Meditation (on four images)

All around the slipstream,
walls windows flowers and vases
trees and swings
of obdurate Nations.

Grip the stick
Toys of duration.

Round and round and round the sanctuaries
of love and touch drawn lines precision.

In the High Sun
and the Twilight of Light
before Night descends
the pollinating percussive found
sounds our utterances shadow
the peaceful ancient trees.

Inspired by OVP10, AB10, and SaraFM10

Robert Frede Kenter

It’s Not Just a Window (BB10, OVP10)

I find a portal to expectation,
valley walls awash in red—
the window opens to an ancient
stone wall and a cluster of men
in kaffiyehs sitting in plastic
patio chairs.

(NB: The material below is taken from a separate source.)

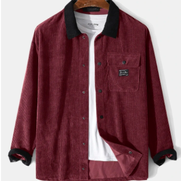 Men’s corduroy, snap button-down, jacket with contrast collar and shirt pocket. Great for cooler weather seasons with a moderate thickness and regular fit.
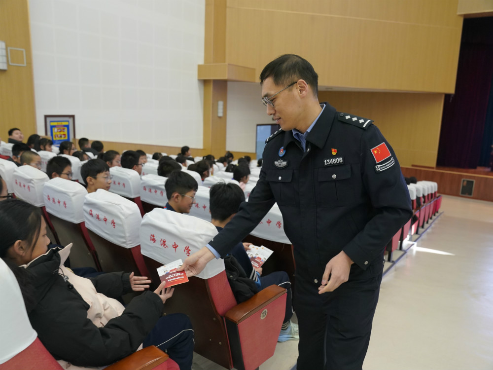 同时,民警围绕《未成年人保护法》《治安管理处罚法》相关内容,聚焦校园欺凌问题,以案例分析、情景模拟方式,讲解其表现形式、法律后果及防范应对方法,引导学生学会用法律武器维护自身权益。海港开发区第六中学校长赵春凤评价:“接地气的普法形式,让孩子们既学知识,又感受法治温度。”

A motorcycle is
on the sidewalk, parked
next to the Pepsi machine.
No women in sight, and anyway,
would they know the rules?

Lynne Jensen Lampe

Refracted (OVB10)

split by shadow
pylon lines cutting
through powering
breaks mirrors
perceptions
breaks interior
exterior
differentation
exponential
reflected and multiplied
in portals and prisms
half bright half light

Jamie Woods

What If

Let’s call it belief,
tricks of the eyes, like a mirage,
muscle-memory within a bubble
of time—

when the sky flew in
like a scarlet tanager,

and the reflecting-revealing window
opened

or closed–

the world went on,
with puppy insouciance and hipster shrugs,
unconcerned by the colorless roses
in their vases, the clouds
the same grey and the ground.

Merril Smith

The Old Tree (BB10)

The old tree hears all;
while men sit and talk in shade,
the tree stays silent.

What if Everything Were Black and White (SFM10)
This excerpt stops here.